Hi, I am building a smart system for garden care, and I need to measure the temperature with a thermocouple for my temp control system, the problem is that I also need to connect my system to internet, reason why I am using the ENC28J60 module. When I am using those individually, everything works fine but when I try to use both at the same time, the Ethernet module works fine but the MAX6675 says me that the temperature is 0 (IN OTHER WORDS IT DOESNT WORK). Any idea of how to resolve my problem.

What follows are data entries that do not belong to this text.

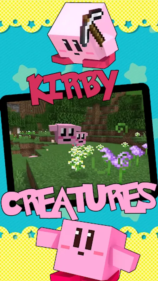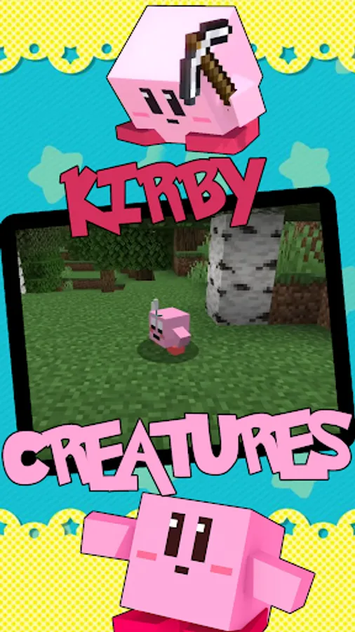 Kirby can be randomly found in Survival Mode while traveling through the biomes of your favorite game. By taming a kirby with a diamond, you can explore the world with a new friend. Inspired by super smash bros ultimate, you will get kawaii mobs, unique movement and attack animations of this mob, as well as nice sounds. Good mood, as well as new emotions from survival. A young spherical pink creature - kirby, one block in size. It usually inhabits a peaceful five-pointed star planet called a star. But do not rush to rejoice this peaceful mob after you touch it can equip a sword and armor. By adding a pink friend to your map, you can feel the platform game. In survival mode, Kirby is able to run, jump, attack monsters, travel through biomes, solve puzzles and fight bosses along the way. The main superpower is to inflate yourself with a stream of air and fly around the map.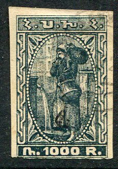 Armenia: 1922 (April). Second Constantinople Issue 1000r slate imperf. Woman at Well design surcharged 4 (gold kopek) in black used. Sold as Genuine. Mi. 162b.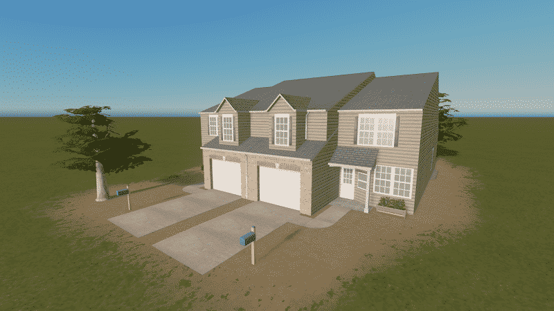 American style semi detached houses based on homes in Atlanta. These are basic homes that will pretty much fit in any type of surroundings.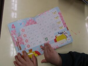 そして、年長さんになったお友達は、これまであこがれだった「出席シール帳」を先生からもらいました。3月まで、年長さんが毎朝カレンダーを見て、出席シールを貼っているのを見て、いいなあとみていたみんな。ついに、年長さんになり自分もシールを貼れるとあって、とても喜んでいました。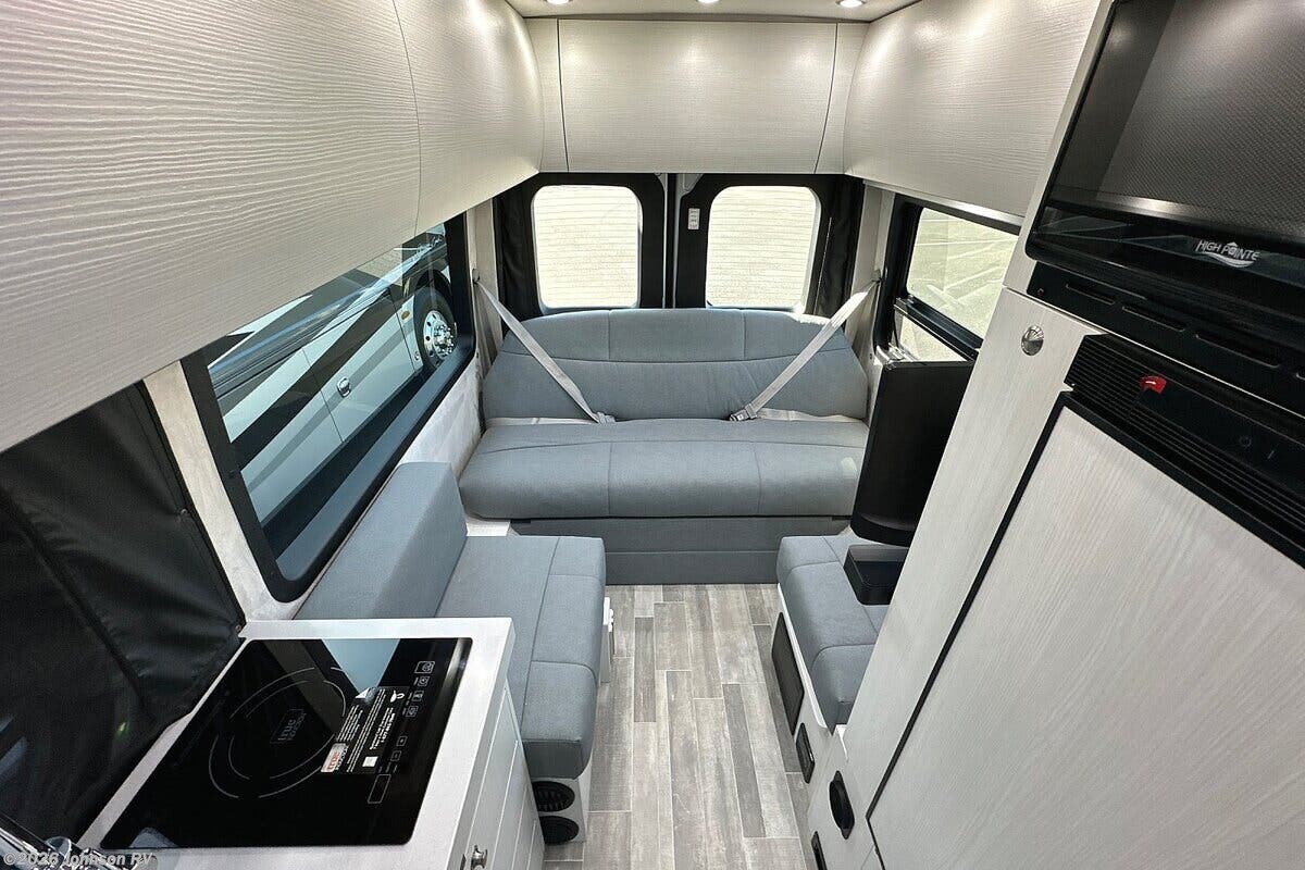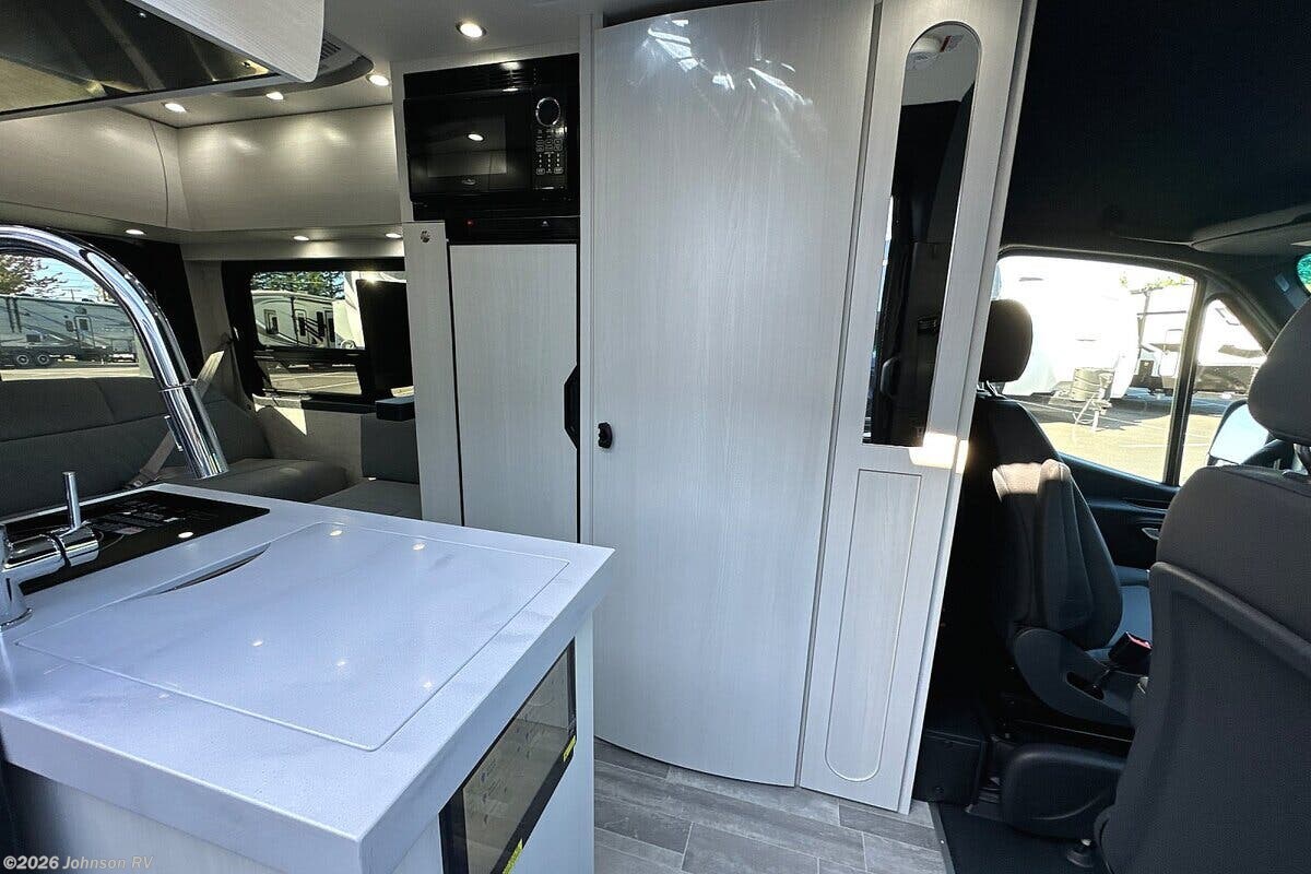 Features Include: 144-inch Wheelbase, 211 HP, 4 Seat Belts, Active Brake Assist, Attention Assist, Blind Spot Assist, Crosswind Assist, Drive Away Assist, LED Headlamps, Locking Fuel Fill, Keyless Ignition, Ultraleather, Power, Memory, Swivel, Heated Seats, Lumbar Support, AC and Heat, Power Side-Mirrors, LED Porch Light, Vinyl Flooring, 75-inch High Ceiling, Pull-Out Pantry, Corian Sink Cover, Induction Cooktop, Microwave Oven, Power Sofa, Enclosed Wet Bath, Mirror, Shower Curtain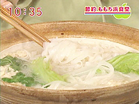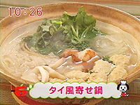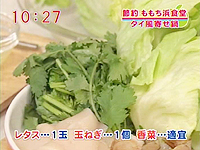 最後にゆでたフォーを入れる ☆ポイント☆ 魚介類は加熱しすぎるとかたくなるので、短時間で引き上げる レタスもすぐに引き上げて食べましょう 香菜の根は香りが良いので、捨てずにスープに入れる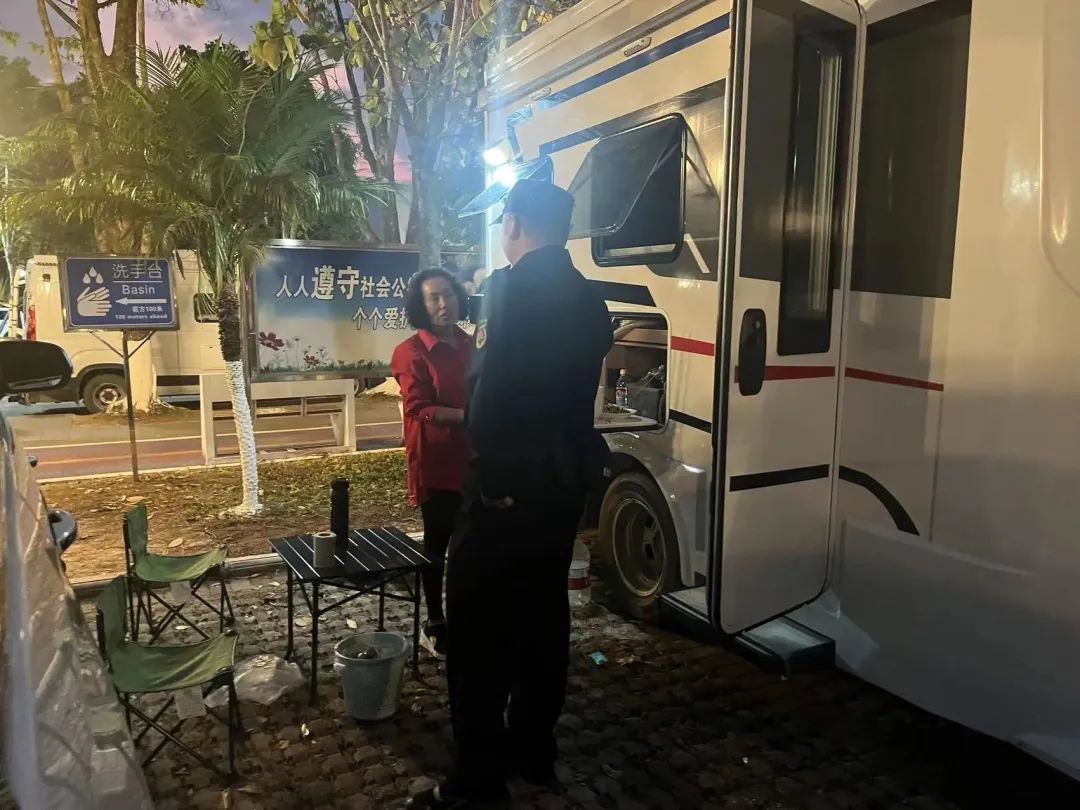 为确保市容市貌,县执法局针对房车游、野营帐篷游等规范劝导行动,对县城内各停车场和“七彩田园”停车场“房车”长期占用公共停车位、一车占多位、乱停乱放、占道堆物、煮饭洗衣、在公共绿化带内晾挂衣服等乱象进行了规范劝导。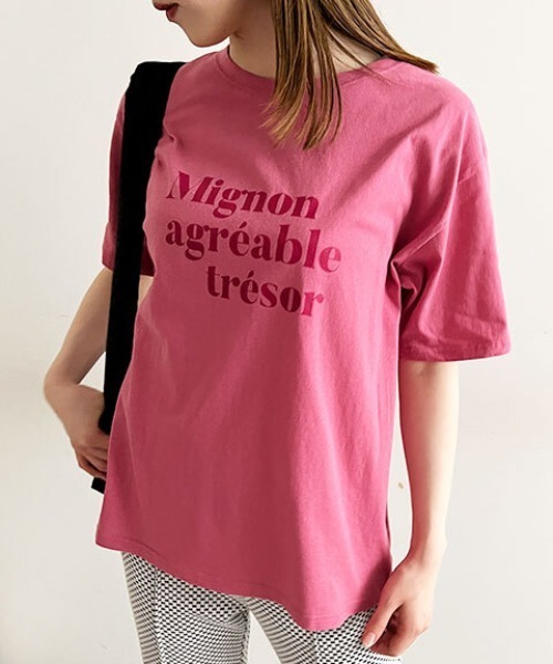 配色のきいたロゴプリントが主役のTシャツ。丸みのある可愛らしいフォントを使ったロゴプリントがポイント。 肌触りの良い綿天竺素材を使用、体にぴたぴた市過ぎないサイズに仕上げています。 トップスインしても、ウエスト周りがゴロつきにくいシンプルな着丈です。 ※ロゴの意味 「mémoire éclatant」色鮮やかな思い出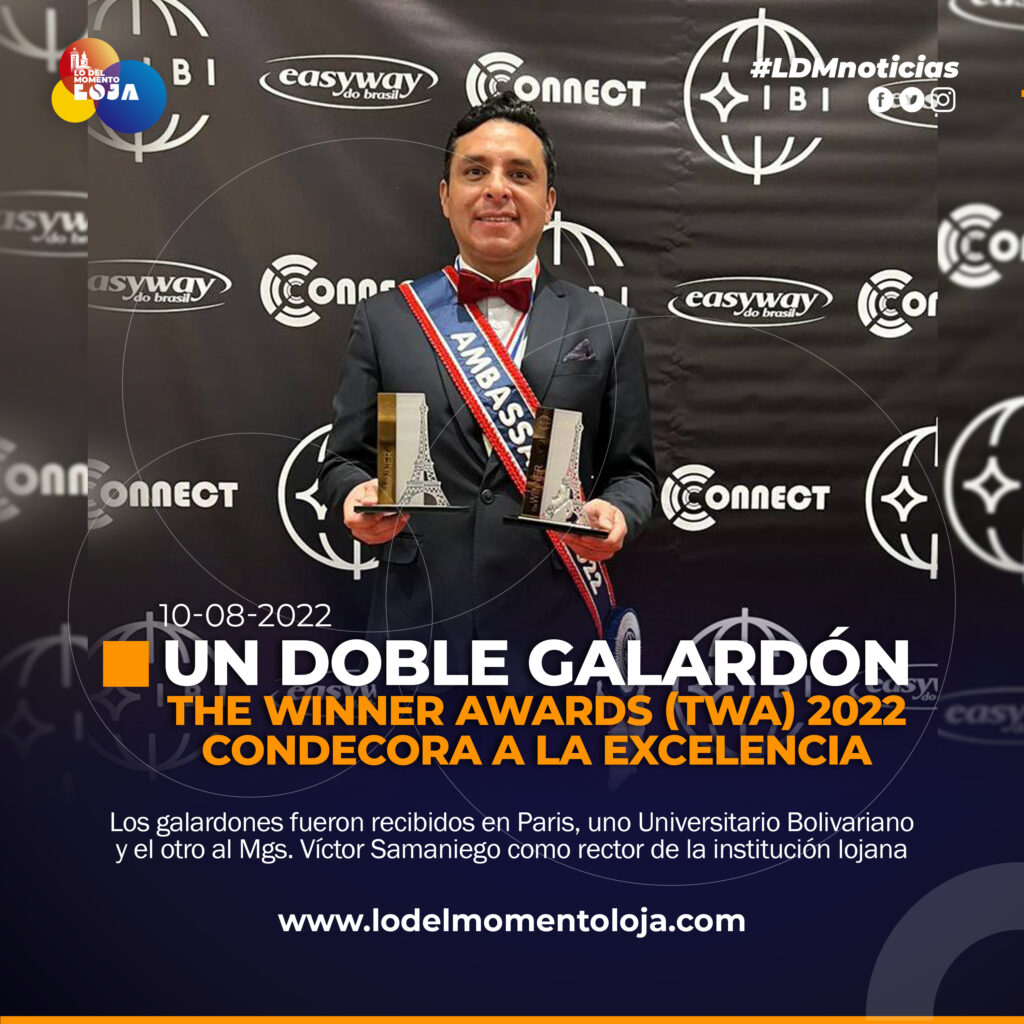 Mencionó su gratitud al equipo multidisciplinario del Bolivariano, recordó el ejemplo de su padre, Víctor Samaniego Castro, fundador del ISUB y reflejó su congratulación a las dos corporaciones organizadoras del TWA, por recibir los premios en París, ciudad cuna de las transformaciones de la humanidad.

The other small problem that I have, is that while my module is waiting for the DHCP to assign it an IP, my LCD is not showing any information.
Thank you,
I leave my code here.
//LCD config (i2c LCD screen, you need to install the LiquidCrystal_I2C if you don't have it )
#include <Wire.h>
#include <LiquidCrystal_I2C.h>
LiquidCrystal_I2C lcd(0x27,2,1,0,4,5,6,7); //sometimes the adress is not 0x3f. Change to 0x27 if it dosn't work.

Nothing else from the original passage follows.